When your company sells a range of products, marketing them all effectively can be challenging. Traditional single-product marketing strategies just won’t cut it – you end up with multiple messages all clamoring for your customers’ attention.

But never fear! Today, I’m going to share some strategies that’ll help you decide where to focus your efforts and simplify your offering for customers. 

Here’s a taste of what we're going to cover: 

  • What portfolio marketing is and how it's different in practice from traditional single product marketing.
  • The power of solutions marketing and how you can simplify the customer experience through tailored packaging and messaging. 

Let’s get into it.

What is portfolio marketing?

When I started thinking about how to explain portfolio marketing, I went back over 20 years to a classic: the BCG Growth Share Matrix. You might recognize this from your marketing classes in college. It's marketing 101 but still highly relevant today. 

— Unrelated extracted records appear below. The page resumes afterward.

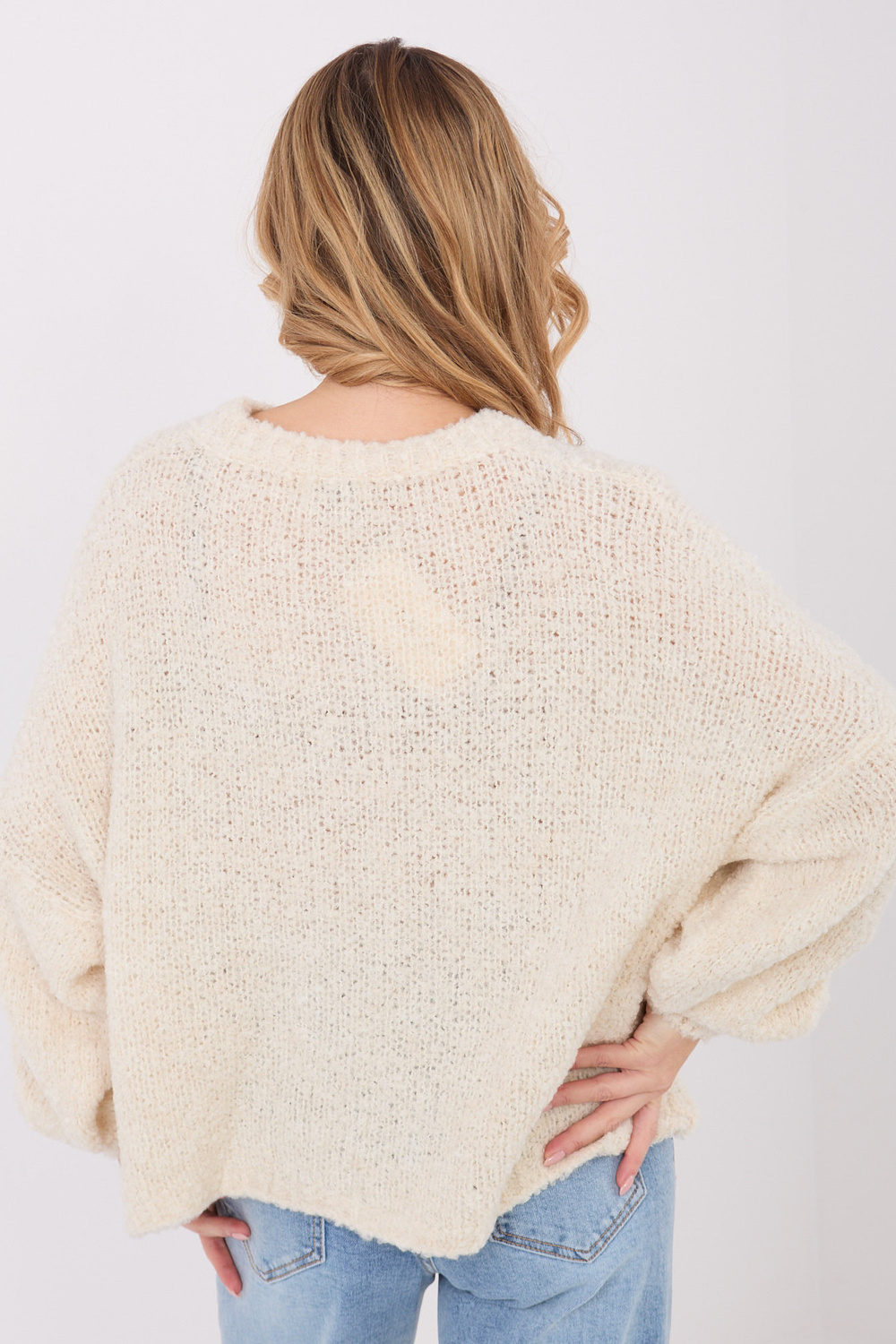 Rozměry svetru jedné velikosti: šířka pod paží – 68 cm, šířka přes boky – 51 cm, délka rukávu – 50 cm, celková délka – 57 cm.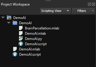 the Project Workspace and add a new file DemoAI.py to your project. The workspace now contains an empty Python file.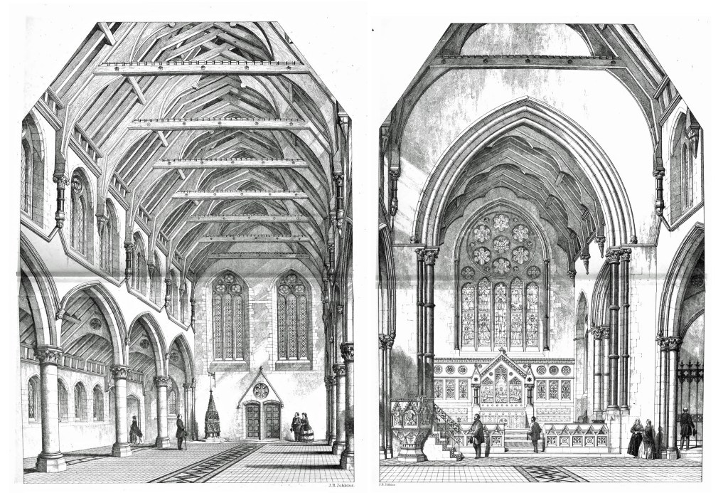 Though Heller was fond of Pugin, Holy Trinity and St. John’s both were designed in an early English, lanceted style reflecting the Ecclesiastical Society’s preference for late 12th and early 13th century churches as an appropriate model for contemporary Britain.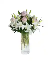 Jarron de 12 rosas color lila y 5 lirios blancos. La flor puede ser sustituida dependiendo la disponibilidad de color y del producto “Mensaje Personalizado” máximo de 30 caracteres (Dejar el mensaje en el chat, los comentarios no se previsualizan para la tienda por lo que si se dejan allí no podrá ser incluido)

The BCG Growth Share Matrix, a two-by-two grid with "market share" on the horizontal axis and "growth on the vertical axis.
Top left: Star – High growth, high market share. Top right: Question mark – High growth, low market share. 
Botton left: Cash Cow – Low growth, high market share. Bottom right: Pet –  Low growth, low market share.
 Source: Boston Consulting Group

It’s basically a quadrant mapping relative market share against market growth rate. It divides your portfolio into four categories:

⭐ Stars: High-growth, high-market-share products, which you really need to nurture.

🐮 Cash cows: Products with large market penetration but slower growth, which you want to milk sustainably. 

❓ Question marks: The low-market-share, high-growth products, which you need to decide whether to double down on or not. 

🐩 Pets: Products with low market share and low growth, where there's little reason to invest.

In my experience, strong product portfolios typically have stars, cash cows, and some smaller “question mark” investments. For now, I'll double-click into the stars and cash cows.

How metrics can fail you: A tale of two products

Let me share an important lesson, based on my experience as Senior Director of Product Marketing Portfolio and Operations at Veeam. 

We have a tried-and-true cash cow product that does backup and recovery for virtual machines (VMs). It has a huge market share, penetrating SMB and mid-market segments well. It's where the majority of our $1.5 billion revenue comes from.

However, we have to expand into other areas if we want to grow. So, other parts of our portfolio focus on other workflows and markets. In addition to VM backup, we do cloud backup, Kubernetes backup, and more. These are our star products. They only have a low market share right now, and they don’t bring in a huge amount of revenue, but that amount is growing.

If you had a dollar to spend on marketing for maximum return, which would you invest in – the cash cow or the star? 

Cash cow vs. star

The cash cow seems like the obvious choice because you know exactly what return to expect. It's stable and predictable. The star, however, has a lower market share in uncharted territory, so it requires more testing and experimentation. Plus, it’s in an emerging market, so there's less certainty.

Despite what past metrics suggest, you might want to put your money on the star. Why? Because if you only invest in cash cows, you’ll face diminishing returns over time. Meanwhile, your star products could be a wellspring of untapped opportunity.